Until about a week ago, my backup machine (an old PowerMac G4) had an external SCSI Raid with 640 GB, and an internal RAID 0 (2 * 80 GB drives), besides the boot disk. All the Retrospect backups were being placed on the external RAID, and the server backups were going to the internal RAID 0. Now, I know it’s living on the edge to backup to a RAID 0. But there was really no more space, and it was a temporary situation, because the new drives for the external RAID were already ordered.

When the new drives arrived, I stored all the backups where I could for some days (640 GB was huge when we purchased the RAID, but today is relatively managable), switched the drives and created a new fresh RAID 5. Formatted it in the HFS+ file system, and copied back all the backups, including the server backups and finally trashed the internal RAID 0.

Some path adjustements on my server backup scripts, and we are back in business. But the RAID free space was getting dramatically shorter every day. I used the ‘ls -i’ command to compare the inodes of files that were supposed to be unchanged from the backup of a day to the other in the next day, and as I suspected, rsync was duplicating all the files, instead of hard-linking them.
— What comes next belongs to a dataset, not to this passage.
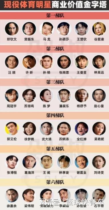 男篮这一边同样如此,郭艾伦出现在了第四梯队上。作为男篮现役关注度最高的球员之一,他也是易建联之后,少有的流量大户。尽管现如今的郭艾伦早已退居二线,不过,在商业价值上,郭艾伦却还是独一档的存在。相比于周琦、杨瀚森等人,郭艾伦仍是男篮目前商业价值最高的球员——没有之一。而除了郭艾伦外,像胡明轩、赵继伟、张镇麟这种流量大户球员,他们却没有在这份榜单上。

After Googling a lot, I could not find answers for this. I tried to see if ‘cp -la’ would successfully create hard links, but to my surprise, I found out that the Mac OS X built-in ‘cp’ command would not support the “l” option. Nice. Before installing the GNU ‘cp’ version (and because I’m lazy and I didn’t want to do that) I started thinking about everything I had done since the new drives arrived. The OS was the same, the rsync command was the same, it worked before, so it had to work now. The only reason why it could be not working was because rsync, somehow, thought that all the files were changing, even when they did not.

Suddenly, the solution poped up in my head. Mac OS X has an option, associated to every HFS+ volume, called “Ignore ownership on this volume”. This is turned off by default on the boot drive, but it’s turned on by default on all the external drives you format. There’s a good reason for this: Mac OS X is a consumer product. And average users want to buy an external drive, store data on it, bring it to another Mac, and read their data. They don’t care if their UID is the same on both machines or not.

But this causes serious problems to rsync. Althought the file system will store the owner of the files, it probably won’t report it to the applications who try to read it (or will mask them to the user who’s trying to access them). Somewhere this information is filtered, between the file system and application layers. So, rsync was not getting the real UID of the files. As the files that came from the server had real UIDs, both UIDs wouldn’t match, and rsync would create a new copy because, from it’s point of view, the file had been changed.

The solution was simple – just going to the machine console, and “Get Info” of the external volume. I turned off the “Ignore ownership on this volume” setting, and rsync started operating normally again.